10.1 Vector Space Retrieval with TF–IDF & Cosine Similarity

from sklearn.feature_extraction.text import TfidfVectorizer
from sklearn.metrics.pairwise import cosine_similarity

# 1. Sample corpus
docs = [
    "Natural language processing enables machines to understand text.",
    "Text summarization creates concise versions of documents.",
    "Machine translation converts text between languages.",
    "Question answering systems find answers in passages.",
    "Topic modeling uncovers themes in a collection of documents."
]

# 2. Fit TF–IDF
vectorizer = TfidfVectorizer()
X = vectorizer.fit_transform(docs)

# 3. Retrieval function
def retrieve_tfidf(query, top_k=3):
    q_vec = vectorizer.transform([query])
    scores = cosine_similarity(q_vec, X)[0]
    top_idx = scores.argsort()[::-1][:top_k]
    return [(docs[i], scores[i]) for i in top_idx]

# 4. Demo
for doc, score in retrieve_tfidf("summarize documents", top_k=3):
    print(f"{score:.3f} → {doc}")

Output:

0.336 → Text summarization creates concise versions of documents.
0.306 → Topic modeling uncovers themes in a collection of documents.
0.000 → Question answering systems find answers in passages.
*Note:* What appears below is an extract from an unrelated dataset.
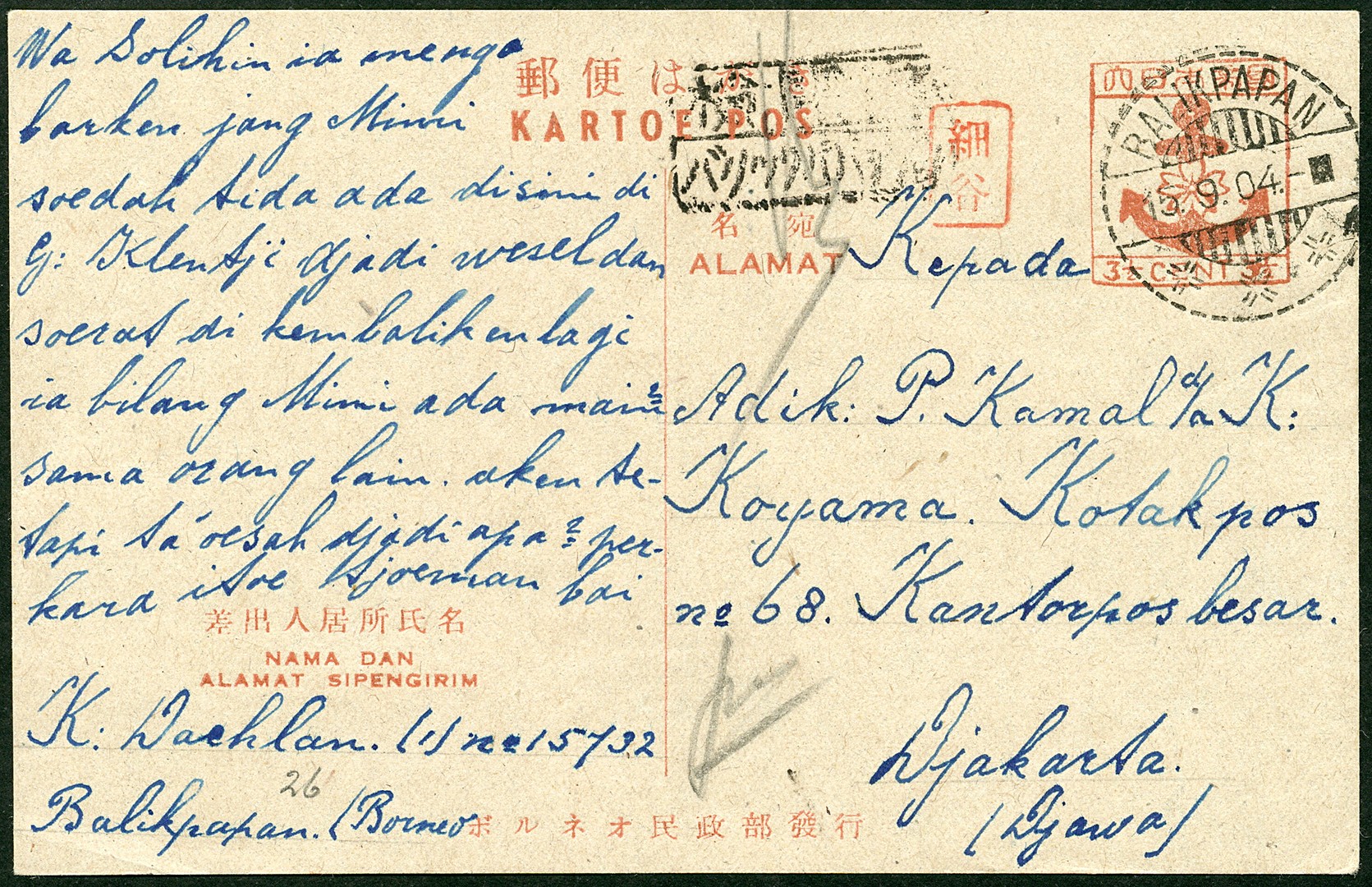 Borneo. 3½ Cent anchor and cherry blossom postcard Bu.229 from Balikpapan 15.9.04 to Djakarta. Censor Bu.JC3a

10.2 BM25 Retrieval with rank_bm25

# pure_python_bm25.ipynb

import math
from collections import Counter

# 1. Sample corpus
docs = [
    "The cat sat on the mat.",
    "Dogs and cats living together.",
    "The quick brown fox jumps over the lazy dog.",
    "I love my pet cat.",
    "My neighbour has three dogs.",
    "Foxes are wild animals."
]

# 2. Tokenize and compute document frequencies
tokenized_docs = [doc.lower().split() for doc in docs]
N = len(tokenized_docs)
df = Counter(term for doc in tokenized_docs for term in set(doc))

# 3. Compute IDF values
idf = {term: math.log((N - df_t + 0.5) / (df_t + 0.5) + 1) for term, df_t in df.items()}

# 4. Precompute average document length
avgdl = sum(len(doc) for doc in tokenized_docs) / N

# 5. BM25 scoring function
def bm25_score(query_tokens, k1=1.5, b=0.75):
    scores = []
    for doc in tokenized_docs:
        doc_len = len(doc)
        score = 0.0
        freqs = Counter(doc)
        for term in query_tokens:
            if term not in freqs:
                continue
            freq = freqs[term]
            numerator = freq * (k1 + 1)
            denominator = freq + k1 * (1 - b + b * doc_len / avgdl)
            score += idf.get(term, 0.0) * numerator / denominator
        scores.append(score)
    return scores

# 6. Retrieval wrapper
def retrieve_bm25(query, top_k=3):
    q_tokens = query.lower().split()
    scores = bm25_score(q_tokens)
    top_indices = sorted(range(N), key=lambda i: scores[i], reverse=True)[:top_k]
    return [(docs[i], scores[i]) for i in top_indices]

# 7. Demo
print("Query: 'document themes'")
for doc, score in retrieve_bm25("document themes", top_k=3):
    print(f"{score:.2f} → {doc}")

Output:

Query: 'document themes'
0.00 → The cat sat on the mat.
0.00 → Dogs and cats living together.
0.00 → The quick brown fox jumps over the lazy dog.

What’s happening?

The query

The phrase "The jumping fox" is lowercased and split into tokens:

q_tokens = ["the", "jumping", "fox"]

Scoring documents

BM25 computes a relevance score for each document by summing, over each query token, the term’s BM25 contribution in that document: Here, “jumping” does not appear in any document (so contributes 0), while “fox” and “the” do.

Why those scores?

Doc 3

“The quick brown fox jumps over the lazy dog.”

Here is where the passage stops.